Un bruit venu de l’extérieur me tira de ce rêve avec une grande frustration. J’avais chaud, mon souffle était haletant et je sentais mes mains posées sur mon sexe. Il fallait absolument que j’évacue ce trop-plein d’excitation. Alors je fis ce que les filles de mon âge font : je finis par me donner seule mon plaisir en pensant à cet homme que je ne pourrai jamais avoir, à ses beaux yeux, à son corps parfait et à son joli sourire.
C’est ainsi qu’Alex est celui qui m’a fait vivre mon premier orgasme en solitaire et qui fut le premier d’une longue série…
Rencontres et frissons
Le grand jour est arrivé ! Aujourd’hui, un nouveau roman de ma vie s’écrit car je rentre enfin à l’université. Julien et moi quittons le nid douillet de nos parents pour rejoindre la grande et prestigieuse université d’Aix-en-Provence où je vais pouvoir suivre le cursus réputé en psychologie. Cela fait trois ans que je me prépare pour ce grand événement. Julien va intégrer le droit dans le but de devenir un jour un grand avocat de renom qui défendra de grandes et belles causes. Moi, je rêve de devenir pédopsychiatre.

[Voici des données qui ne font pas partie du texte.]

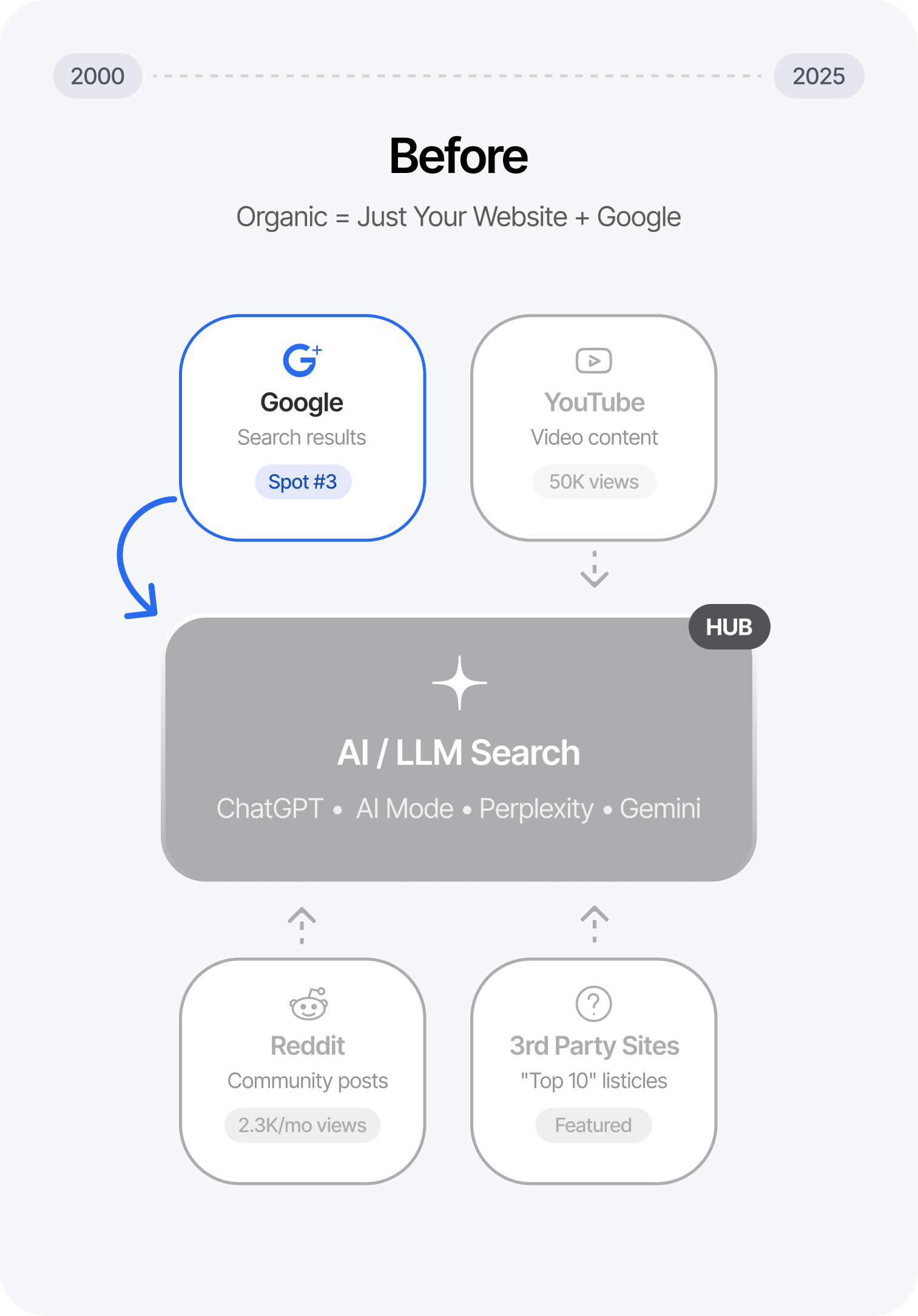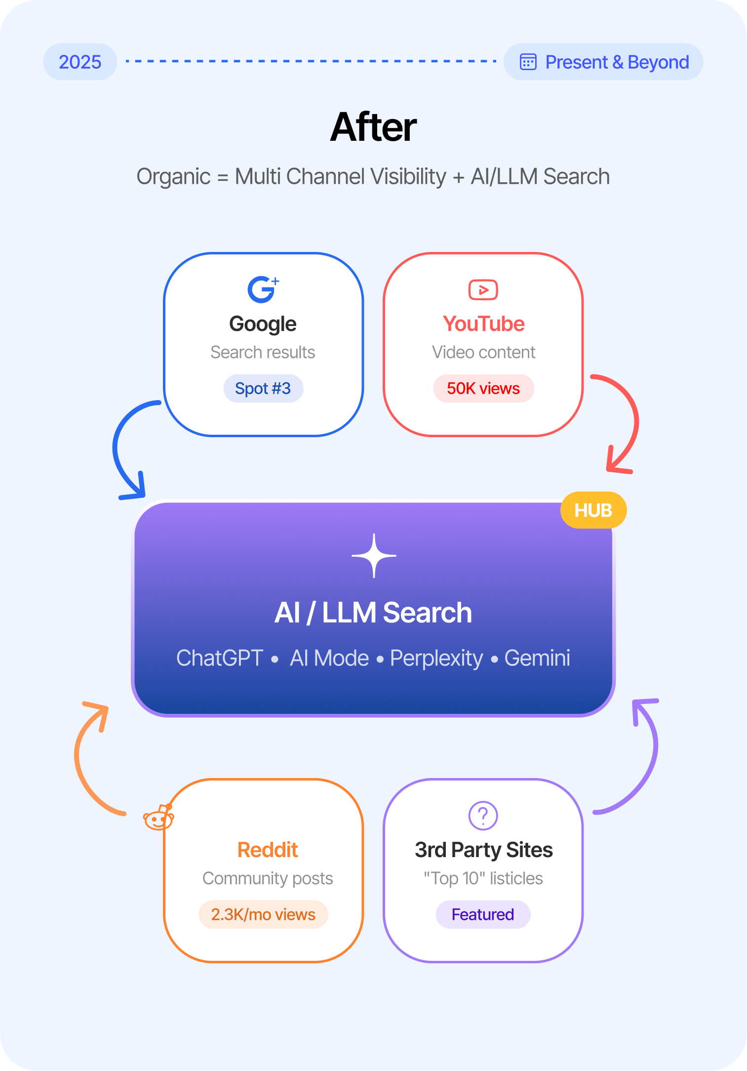 We monitor your presence across surfaces like Reddit, YouTube, AI Overviews, and organic Google. Then we refine your strategy to protect and expand your real estate.
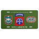 313TH MILITARY INTELLIGENCE BATTALION LICENSE PLATE WITH 82ND AIRBORNE SSI, 313TH FLASH/DUI AND JUMP WINGS/OVAL DESIGN.
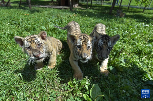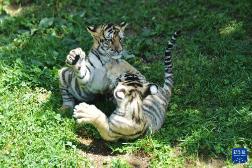 7月28日,橫道河子?xùn)|北虎林園的幼虎在草地上嬉戲。(新華社發(fā) 張春祥 攝)

Je m’affaire à essayer de faire entrer mes derniers livres dans ma valise pendant que mon frère ne cesse de me crier de me dépêcher car nous avons une longue route devant nous. Lorsque je descends enfin, munie de ma dernière valise, je vois Julien en train de taper nerveusement du pied, n’écoutant que d’une oreille distraite les dernières recommandations de mes parents. Il me lance un regard lourd de reproches et me fait signe, en pointant sa montre, que je suis très en retard. Je croise ensuite les yeux de ma mère. Elle fond en larmes et se blottit dans les bras de mon père qui essaie tant bien que mal de la réconforter. J’ai toujours eu une relation très forte avec ma mère. Elle est ma confidente et depuis mon enfance, j’ai partagé avec elle de jolis moments de complicité. Même si cela me peine de devoir m’éloigner d’elle, je ne peux m’empêcher d’être excitée par cette perspective de partir pour réaliser enfin mon rêve.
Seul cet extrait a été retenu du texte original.